[SystemSafety] CbyC and unit testing

Fri Jul 3 16:20:29 CEST 2020

All,

I've been exploring this issue offline with others on the list but now 
have to attend to a pressing commitment elsewhere. Because I think the 
issue is very important, I'll summarise my objections to omission of 
unit-testing (UT) here and leave others to shoot at them (especially Rod 
Chapman, who knows a lot more about CbyC in iFacts than I do):

1. As I understand it, PBL's position is, in the symbolism of 
(classical) modal logic: (Use-CbyC -> ¬[]Perform-UT). That is, if you 
use CbyC development methods it is not necessary to do unit testing.

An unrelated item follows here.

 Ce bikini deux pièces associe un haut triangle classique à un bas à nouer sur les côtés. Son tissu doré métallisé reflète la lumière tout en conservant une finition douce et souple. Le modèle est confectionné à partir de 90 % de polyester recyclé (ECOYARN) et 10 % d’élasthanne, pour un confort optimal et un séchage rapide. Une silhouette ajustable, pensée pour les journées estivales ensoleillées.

     My position is: ¬[](Use-CbyC -> ¬[]Perform-UT). That is to say I do 
not think it necessarily the case that use of CbyC renders UT unnecessary.

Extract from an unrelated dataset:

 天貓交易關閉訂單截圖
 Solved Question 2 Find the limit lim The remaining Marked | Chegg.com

     I'll leave any quibbles about alethic or epistemic interpretation 
of modal logic to others.

2. I do not believe that experience of CbyC on the Altran iFacts Air 
Traffic Control (ATC) project is sufficient to sustain the claim the 
CbyC renders UT unnecessary. My reasons for this include:

     (a) The aim of ATC is to maintain safe separation of aircraft. Yet 
the Z definitions of the UK airspace used by iFacts specified it as a 
set of non-convex volumes intersecting only at their boundaries. These 
definitions did not even give a specific topology, still less define a 
metric space. In fact the Z definitions did not even contain the 
geographic coordinates of the vertices at sector boundaries. In these 
circumstances, how can one claim that the notions of location and 
distance between aircraft are even defined by the Z specifications? A 
coder of a software unit that dealt with location and distance would, 
presumably, have to introduce the relevant coordinates and metric 
notions into the SPARK proof annotations? For if they were not given in 
the Z functional specification, how else could they be introduced? And 
if the coordinate system and distance metric were added by the coder for 
the units that he was coding, how were these notions explicitly 
traceable to the Z specifications? In fact, given the weakness of the Z 
airspace specifications, how could incorrect location and metric 
assumptions possibly contradict it? If the formal functional spec was 
that weak, CbyC was correspondingly limited in the strength of the 
assertions that it could prove about the code - and that is quite apart 
from any issues of whether UT is necessary.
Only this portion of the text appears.